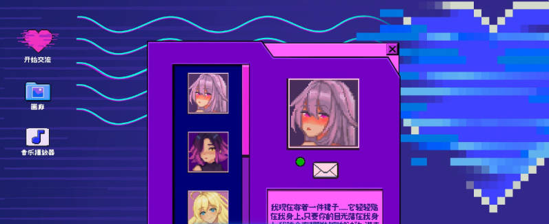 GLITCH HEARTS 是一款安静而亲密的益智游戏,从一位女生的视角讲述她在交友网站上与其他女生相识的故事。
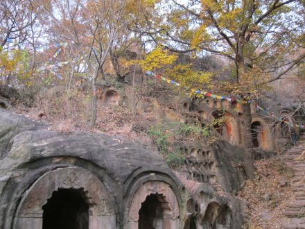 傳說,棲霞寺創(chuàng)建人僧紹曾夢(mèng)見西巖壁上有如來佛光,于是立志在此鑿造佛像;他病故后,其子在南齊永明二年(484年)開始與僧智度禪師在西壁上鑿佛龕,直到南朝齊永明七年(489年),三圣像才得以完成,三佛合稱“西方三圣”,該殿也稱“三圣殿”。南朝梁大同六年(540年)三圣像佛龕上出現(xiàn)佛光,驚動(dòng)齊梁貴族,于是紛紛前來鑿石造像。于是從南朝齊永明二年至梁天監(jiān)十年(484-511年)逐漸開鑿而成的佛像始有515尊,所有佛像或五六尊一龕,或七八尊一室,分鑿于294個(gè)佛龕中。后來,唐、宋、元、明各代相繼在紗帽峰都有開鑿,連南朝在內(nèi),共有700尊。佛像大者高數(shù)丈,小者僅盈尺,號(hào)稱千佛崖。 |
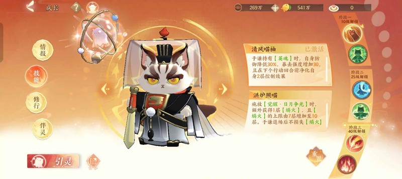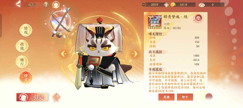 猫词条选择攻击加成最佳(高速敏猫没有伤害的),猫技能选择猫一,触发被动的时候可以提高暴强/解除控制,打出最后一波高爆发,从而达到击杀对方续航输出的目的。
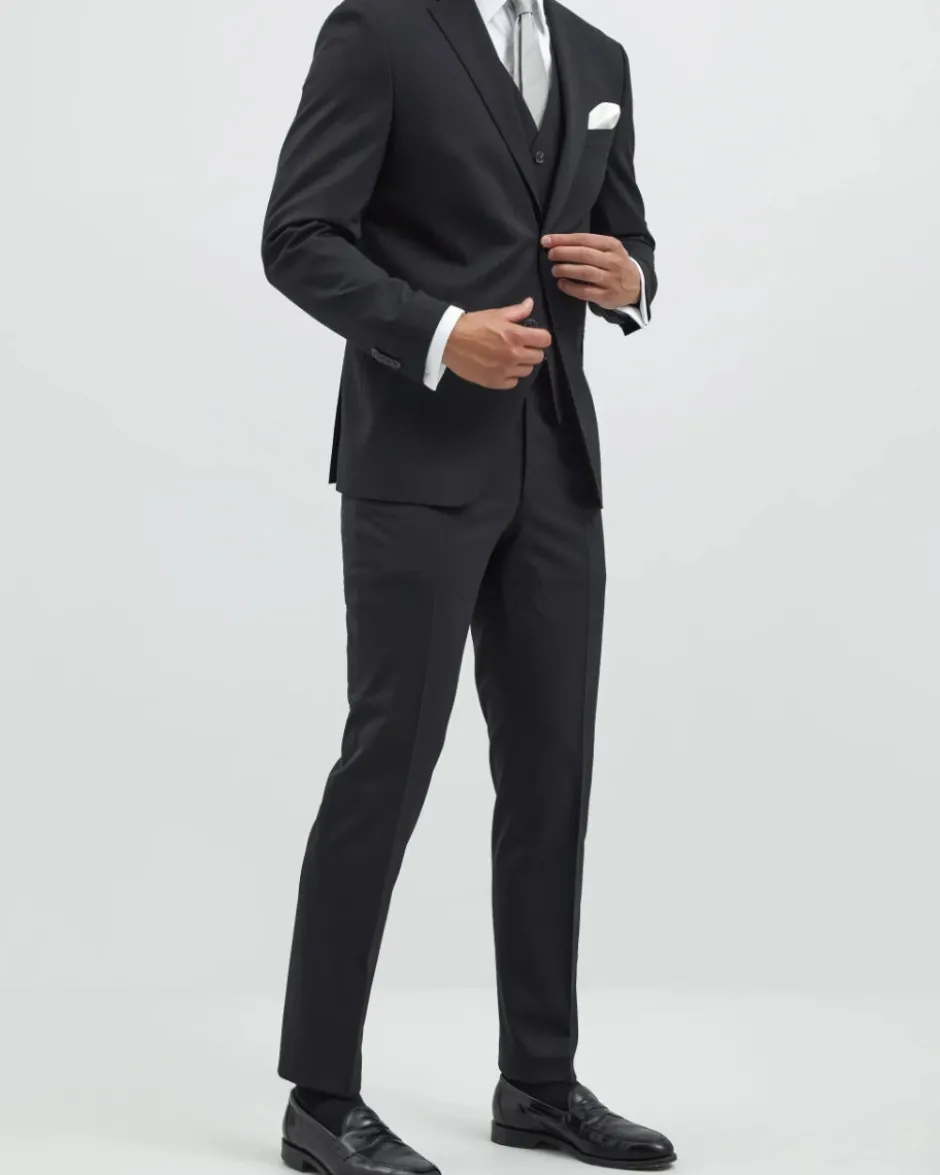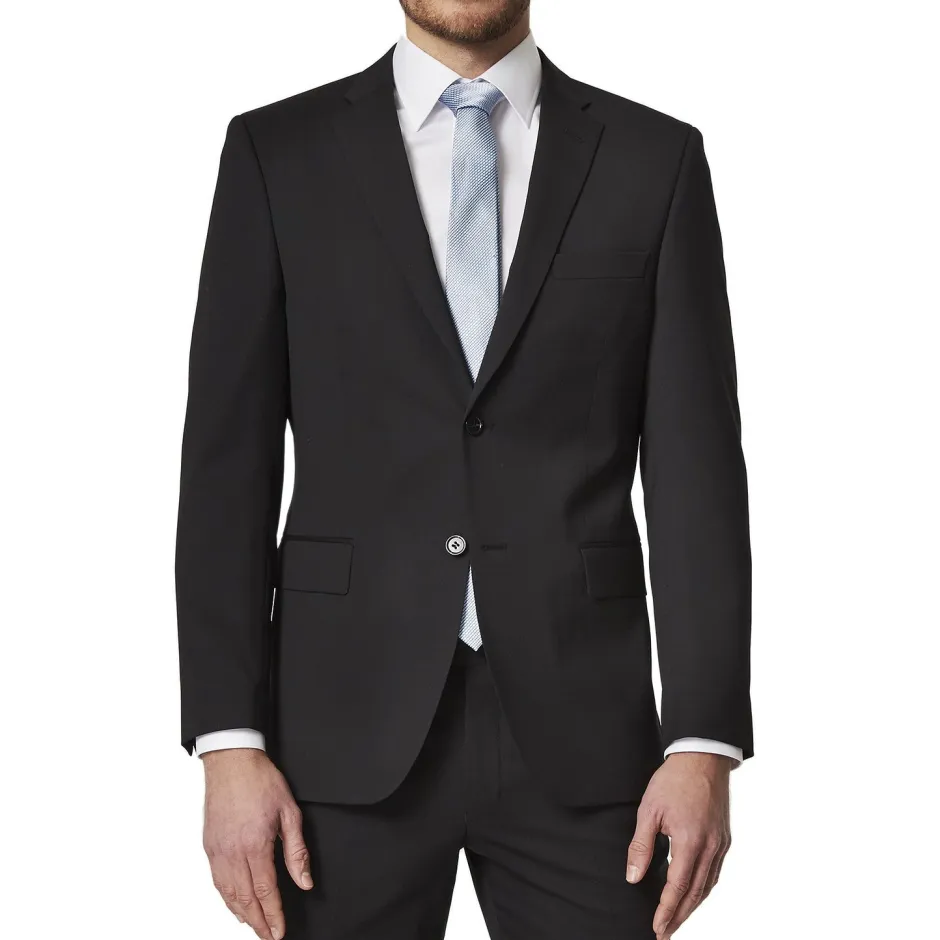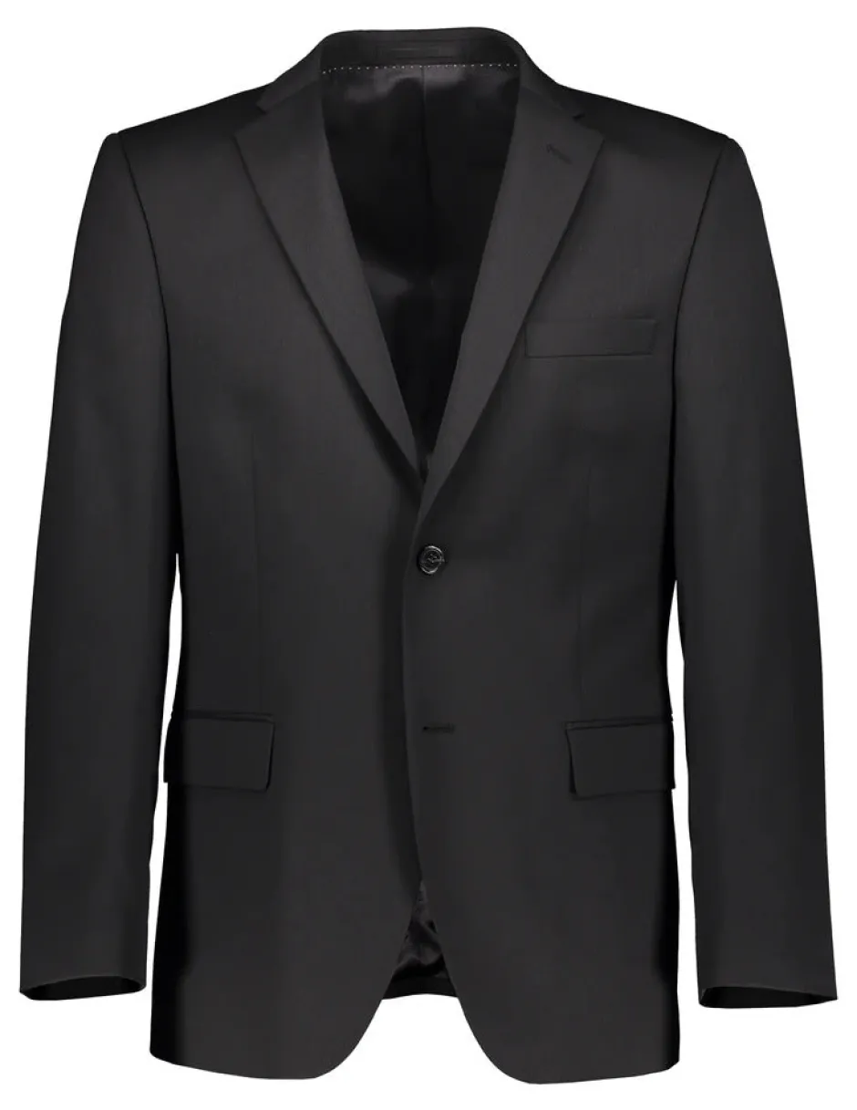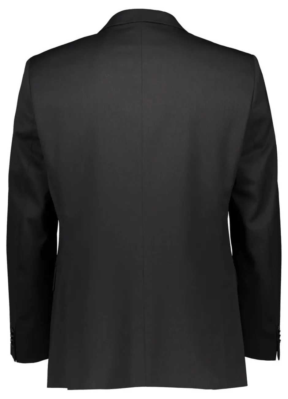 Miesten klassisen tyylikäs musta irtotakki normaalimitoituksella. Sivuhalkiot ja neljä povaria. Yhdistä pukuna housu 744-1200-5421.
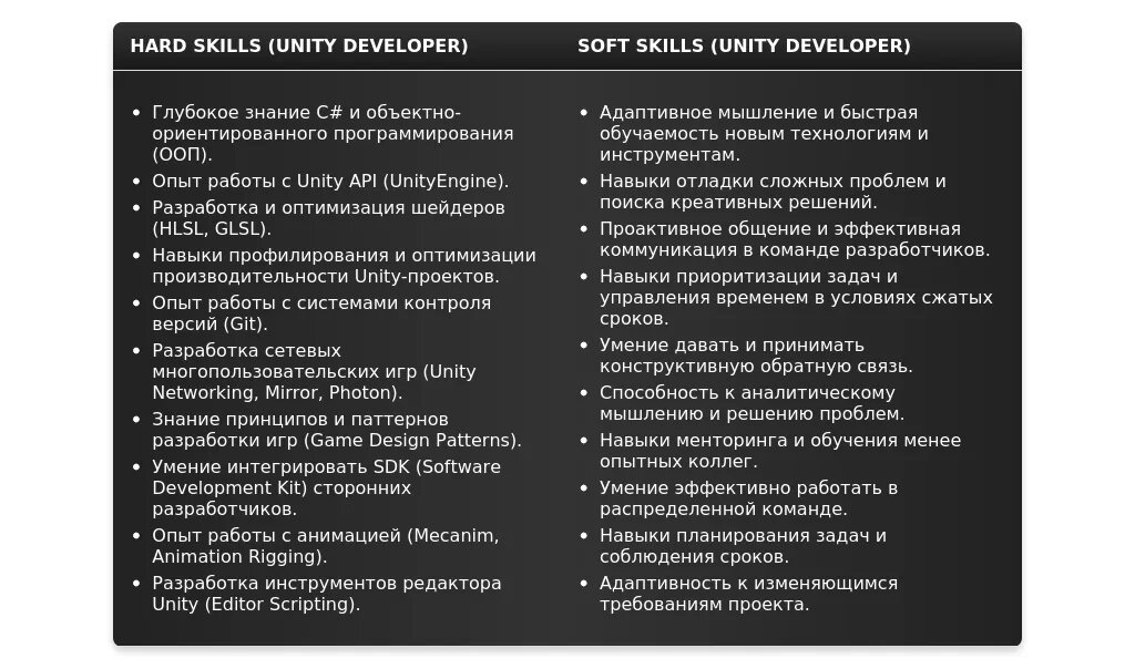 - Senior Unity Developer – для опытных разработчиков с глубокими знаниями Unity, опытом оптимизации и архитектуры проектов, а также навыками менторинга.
● ● ● ● ●
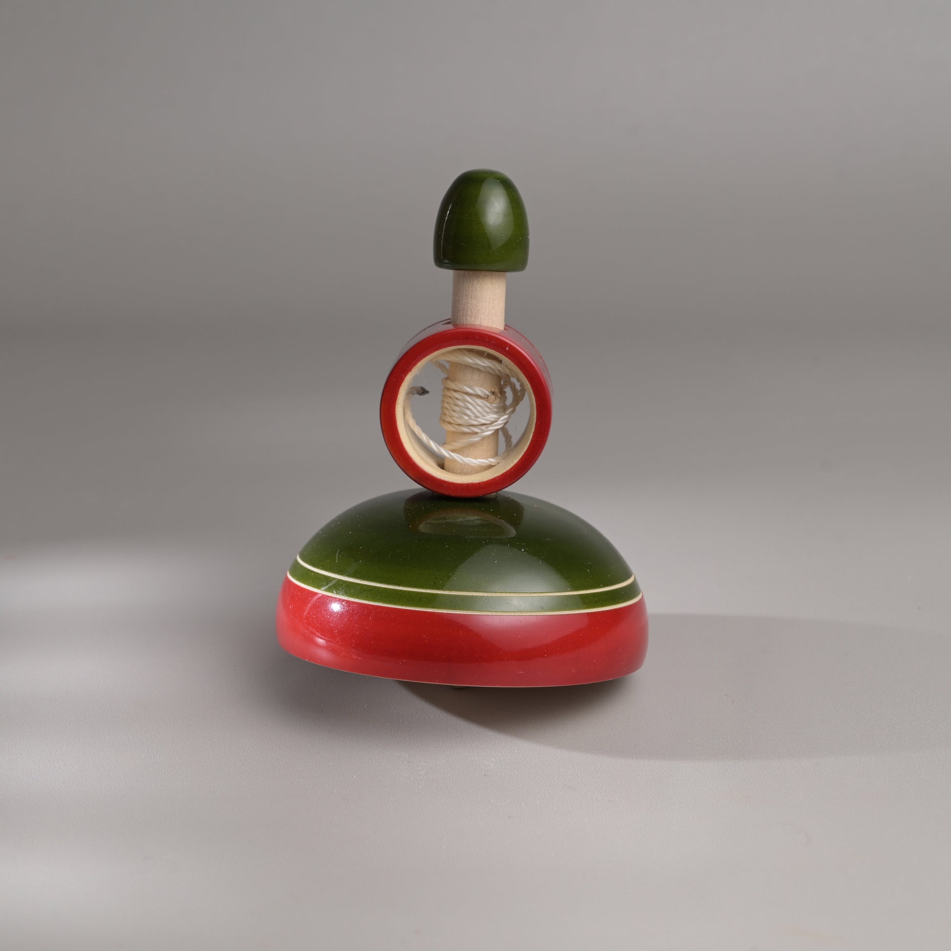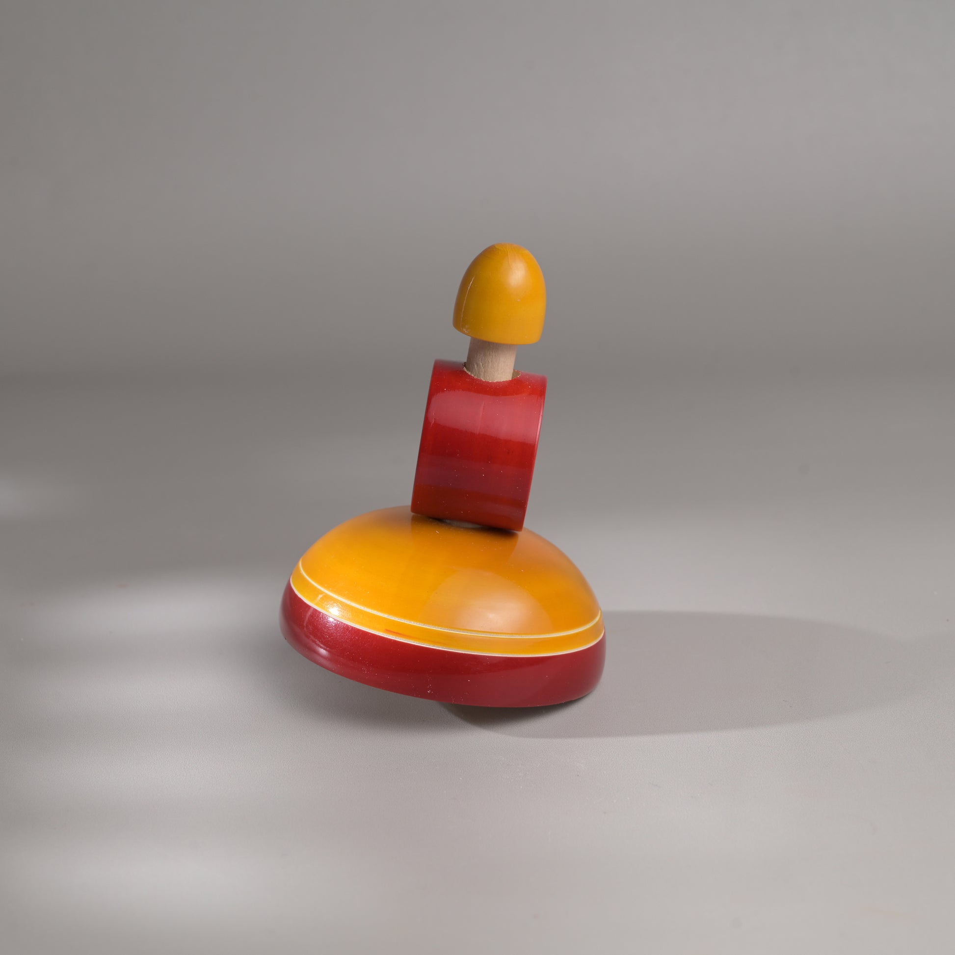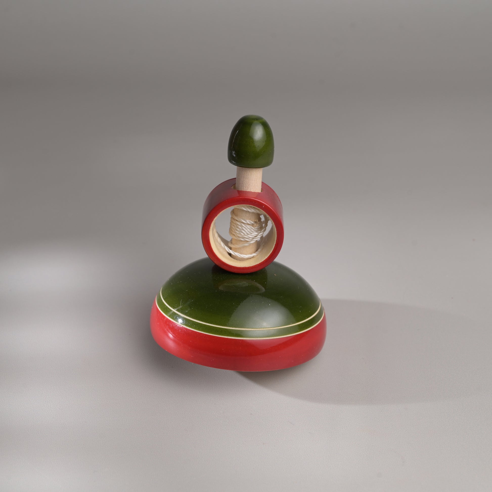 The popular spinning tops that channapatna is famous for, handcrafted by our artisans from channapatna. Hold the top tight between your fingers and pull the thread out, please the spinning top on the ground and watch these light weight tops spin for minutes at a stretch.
● ● ● ● ●
### EXERCISE DETAILS
Pictures in the entries do not go into the copy. Print only the lines starting at the one containing "猫词条选择攻击加成最佳(高速" and ending at the one containing "- Senior Unity", exactly as they appear.

### SOLUTION TO THE PROBLEM
 猫词条选择攻击加成最佳(高速敏猫没有伤害的),猫技能选择猫一,触发被动的时候可以提高暴强/解除控制,打出最后一波高爆发,从而达到击杀对方续航输出的目的。
 Miesten klassisen tyylikäs musta irtotakki normaalimitoituksella. Sivuhalkiot ja neljä povaria. Yhdistä pukuna housu 744-1200-5421.
 - Senior Unity Developer – для опытных разработчиков с глубокими знаниями Unity, опытом оптимизации и архитектуры проектов, а также навыками менторинга.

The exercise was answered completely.